> _Exercise directions_
Would you transcribe the records below from the line with "福州洪塘大桥采用单塔自锚式悬" to the line with "Ruins Studio в", ends included, exactly and with nothing more, leaving the pictures out?

> _Stored records_
_ _ _
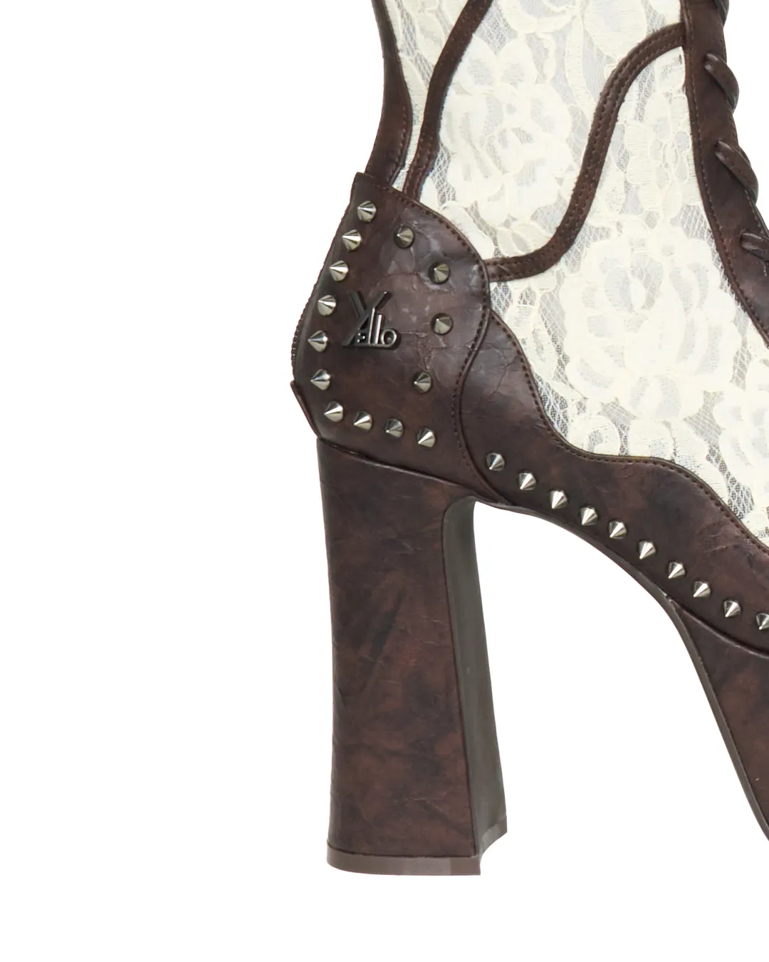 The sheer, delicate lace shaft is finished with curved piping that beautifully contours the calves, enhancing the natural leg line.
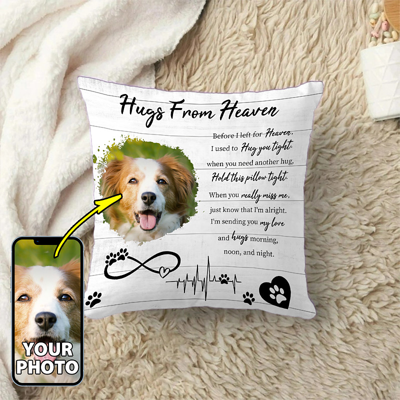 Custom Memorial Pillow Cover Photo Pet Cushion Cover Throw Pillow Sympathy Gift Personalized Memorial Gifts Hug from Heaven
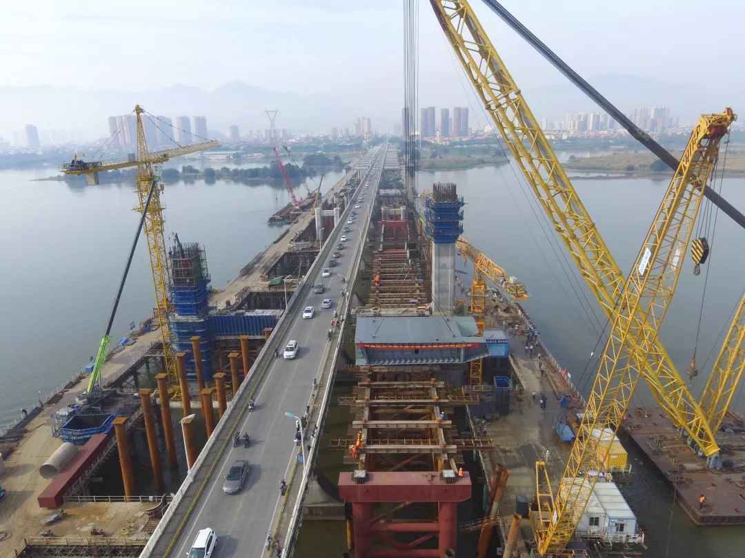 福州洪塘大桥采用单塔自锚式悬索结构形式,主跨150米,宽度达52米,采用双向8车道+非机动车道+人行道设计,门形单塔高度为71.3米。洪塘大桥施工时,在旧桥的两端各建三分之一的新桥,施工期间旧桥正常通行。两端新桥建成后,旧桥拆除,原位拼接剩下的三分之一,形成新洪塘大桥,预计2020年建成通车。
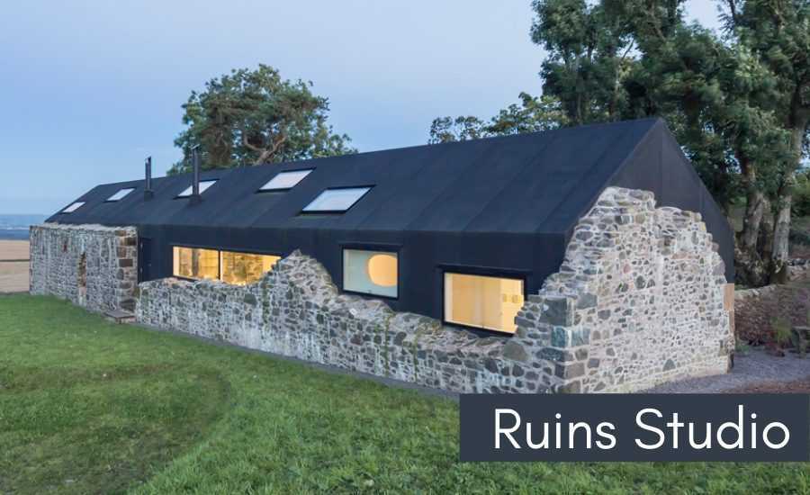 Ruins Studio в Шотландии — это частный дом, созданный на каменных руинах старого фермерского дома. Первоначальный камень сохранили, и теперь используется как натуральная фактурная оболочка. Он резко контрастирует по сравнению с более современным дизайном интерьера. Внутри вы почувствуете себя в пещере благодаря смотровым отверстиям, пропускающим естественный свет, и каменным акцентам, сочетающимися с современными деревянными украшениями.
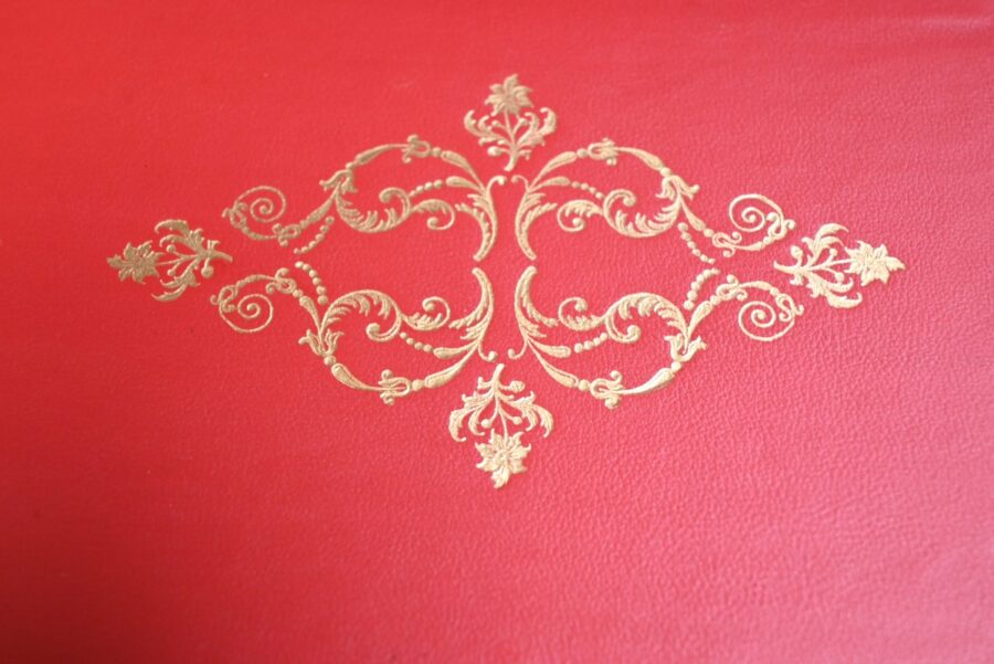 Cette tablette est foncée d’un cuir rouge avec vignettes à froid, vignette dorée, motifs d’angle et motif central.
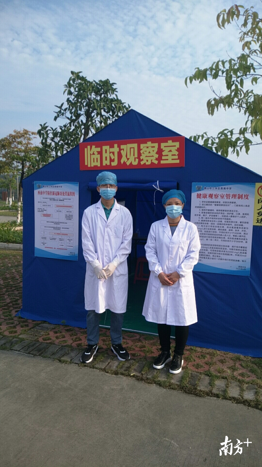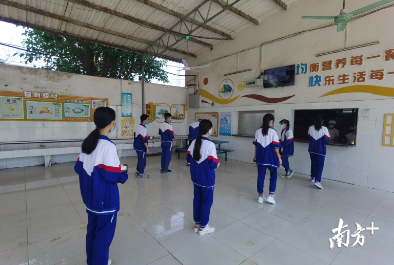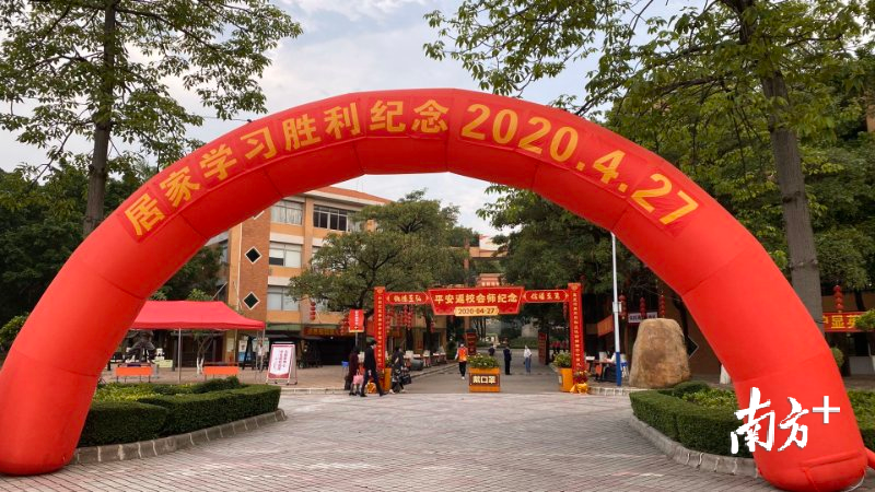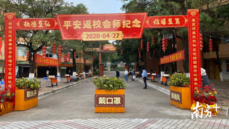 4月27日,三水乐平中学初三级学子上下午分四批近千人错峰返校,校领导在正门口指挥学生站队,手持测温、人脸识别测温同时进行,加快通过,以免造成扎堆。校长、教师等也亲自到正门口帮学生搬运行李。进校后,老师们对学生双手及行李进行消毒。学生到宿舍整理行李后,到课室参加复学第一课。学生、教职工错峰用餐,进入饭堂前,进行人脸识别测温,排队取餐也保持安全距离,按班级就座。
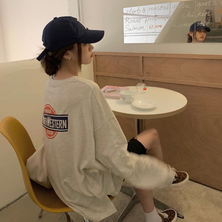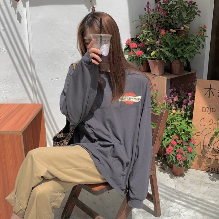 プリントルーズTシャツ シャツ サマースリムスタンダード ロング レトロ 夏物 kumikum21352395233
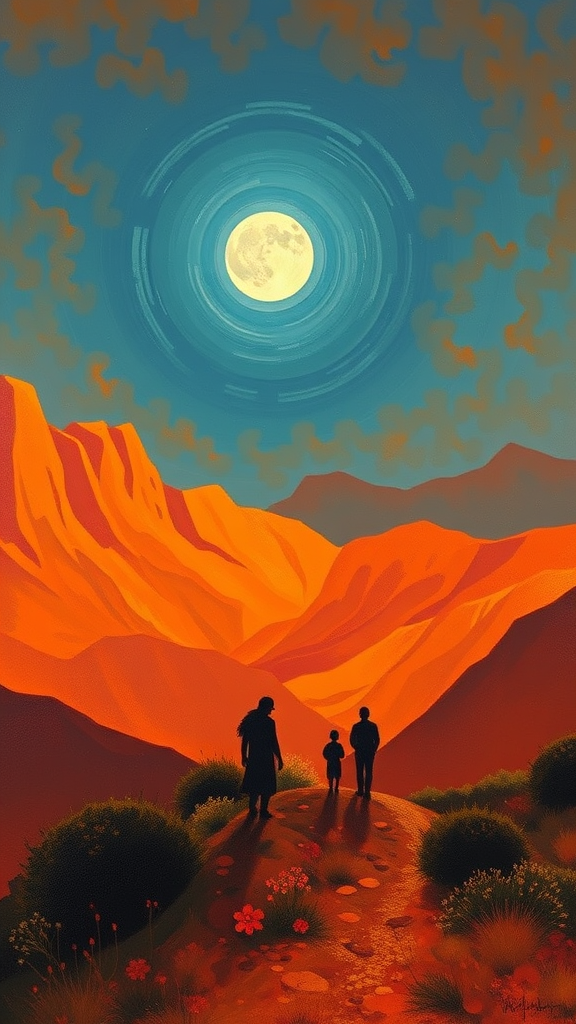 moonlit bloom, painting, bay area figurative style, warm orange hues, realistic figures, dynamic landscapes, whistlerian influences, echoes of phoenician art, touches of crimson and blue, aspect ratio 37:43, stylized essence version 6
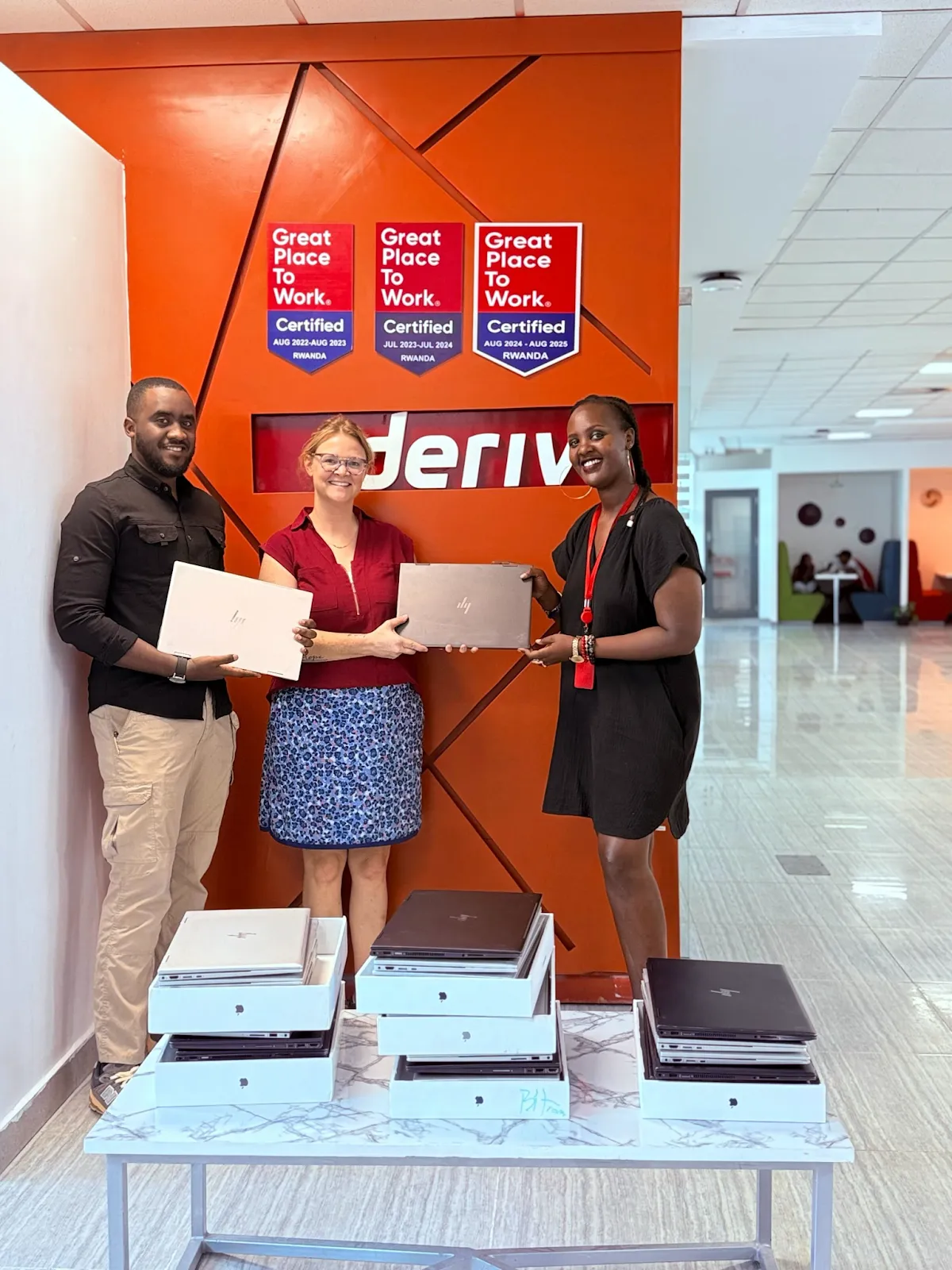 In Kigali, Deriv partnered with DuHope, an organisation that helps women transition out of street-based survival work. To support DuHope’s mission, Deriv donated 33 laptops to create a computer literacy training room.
_ _ _
> _Finished task_
 福州洪塘大桥采用单塔自锚式悬索结构形式,主跨150米,宽度达52米,采用双向8车道+非机动车道+人行道设计,门形单塔高度为71.3米。洪塘大桥施工时,在旧桥的两端各建三分之一的新桥,施工期间旧桥正常通行。两端新桥建成后,旧桥拆除,原位拼接剩下的三分之一,形成新洪塘大桥,预计2020年建成通车。
 Ruins Studio в Шотландии — это частный дом, созданный на каменных руинах старого фермерского дома. Первоначальный камень сохранили, и теперь используется как натуральная фактурная оболочка. Он резко контрастирует по сравнению с более современным дизайном интерьера. Внутри вы почувствуете себя в пещере благодаря смотровым отверстиям, пропускающим естественный свет, и каменным акцентам, сочетающимися с современными деревянными украшениями.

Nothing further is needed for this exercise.